En 2013, Australia era un país de vastos horizontes y prosperidad. Para la familia Thompson —David (38), su esposa Sarah (36) y sus dos hijos pequeños, Emily (9) y Jacob (7)— la vida en su suburbio de Perth parecía cómoda, aunque monótona. David era contable y Sarah era enfermera a tiempo parcial. Como muchas familias, sentían la presión de la vida moderna, pero para sus amigos y vecinos, no eran más que la típica familia trabajadora australiana.

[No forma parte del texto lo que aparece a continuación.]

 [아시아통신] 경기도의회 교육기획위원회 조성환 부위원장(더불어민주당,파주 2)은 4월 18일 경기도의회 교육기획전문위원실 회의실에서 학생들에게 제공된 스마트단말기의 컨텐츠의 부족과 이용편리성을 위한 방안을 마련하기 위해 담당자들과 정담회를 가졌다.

Fue en la primavera de 2013 cuando anunciaron su gran plan: una aventura. Habían vendido su casa. Le dijeron a su familia extendida y a sus amigos que iban a tomarse un año sabático para “reconectar” y viajar por el país en una autocaravana que habían comprado de segunda mano. El plan era vago: “Empezar por el norte, quizás ir hacia Queensland”, le dijo David a su hermano, Mark.

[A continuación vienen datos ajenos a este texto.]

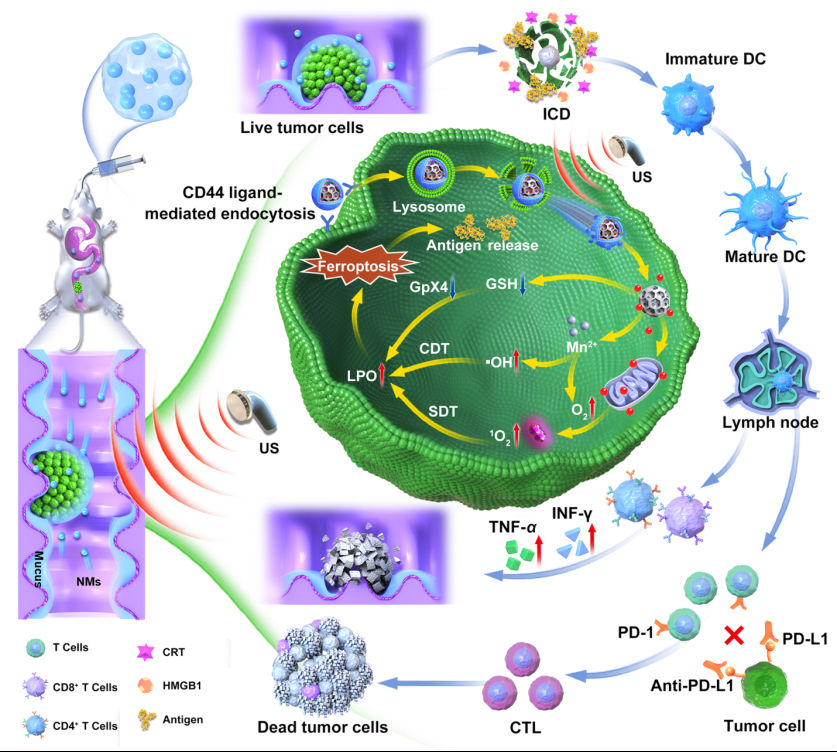免疫治疗开创了恶性肿瘤治疗的新格局,但是结肠癌免疫抑制微环境严重制约了其治疗效果。口服药物递送是最常见的临床给药途径,然而药物经口服后需克服多重递送屏障。如何实现口服药物高效递送以及克服结肠癌免疫抑制微环境已成为重大挑战。研究团队构建了丝素蛋白和硫酸软骨素共修饰的载药介孔二氧化锰,并利用壳聚糖和海藻酸钠水凝胶包裹纳米载药马达(CS-ID@NMs)构建口服药物递送系统。经口服后,水凝胶于结肠部位崩解并释放纳米马达。该纳米马达在超声和结肠癌微环境ROS的双重驱动下,成功穿越黏液并渗透到肿瘤组织深部。不仅如此,超声还可帮助纳米马达实现溶酶体逃逸,并在肿瘤细胞胞内微环境刺激下特异性释放线粒体靶向声敏剂。所释放的二价锰通过芬顿反应产生大量羟基自由基,催化过氧化氢产生氧气克服肿瘤乏氧,提高超声动力学效率,促进肿瘤脂质过氧化,加速肿瘤细胞铁死亡,促使释放肿瘤抗原,联合Anti-PD-L1,逆转免疫抑制微环境,从而有效抑制了原位结肠癌和转移结肠癌。该项研究成果于2022年8月发表在纳米微米领域重要期刊Small(IF = 15.1),硕士生曹银贵为论文第一作者。

La última semana de octubre, la familia organizó una barbacoa de despedida. Hubo risas, promesas de enviar postales y llamadas por Skype. Los abuelos, los padres de Sarah, abrazaron a sus nietos con fuerza.
Unos días después, el 1 de noviembre de 2013, un vecino los vio subirse a su Ford Ranger, que remolcaba una caravana blanca de aspecto robusto. Se despidieron con la mano, giraron en la esquina y se desvanecieron.
Las primeras semanas, nadie se preocupó. Era parte del plan. Estarían “fuera de cobertura”, explorando el vasto interior de Australia Occidental. Pero cuando llegó la Navidad y las tarjetas y llamadas esperadas no se materializaron, la preocupación comenzó a crecer. Mark, el hermano de David, empezó a llamar a los campamentos de caravanas a lo largo de la costa norte. Nadie los había visto.
En enero de 2014, con un nudo de pánico en el estómago, la familia denunció oficialmente su desaparición.
La policía de Australia Occidental (WA) inició una investigación, pero se enfrentó a un desafío monumental. ¿Por dónde empezar a buscar? La familia Thompson no había desaparecido en el desierto; habían desaparecido hacia el desierto. No había un último punto de contacto conocido, ni una ruta definida. Su destino declarado era, esencialmente, “el resto de Australia”.
Los investigadores analizaron sus finanzas. Aquí es donde la historia dio su primer giro extraño. La casa se había vendido, sí, pero las cuentas bancarias de David y Sarah habían sido vaciadas sistemáticamente en las semanas previas a su partida. Retiradas de efectivo. Grandes sumas. Su cuenta de jubilación (superannuation) había sido liquidada con penalizaciones. No solo se iban de viaje; estaban liquidando sus activos.
El Ford Ranger y la caravana tenían matrículas válidas, pero ninguna cámara de tráfico los había registrado saliendo del estado. Sus teléfonos móviles dieron señal por última vez en un suburbio del norte de Perth y luego se apagaron, permanentemente. Sus pasaportes seguían en un cajón de la casa de los padres de Sarah, donde los habían dejado “para que estuvieran seguros”.
La búsqueda se estancó casi antes de empezar. No había escena del crimen, ni ruta, ni evidencia de violencia.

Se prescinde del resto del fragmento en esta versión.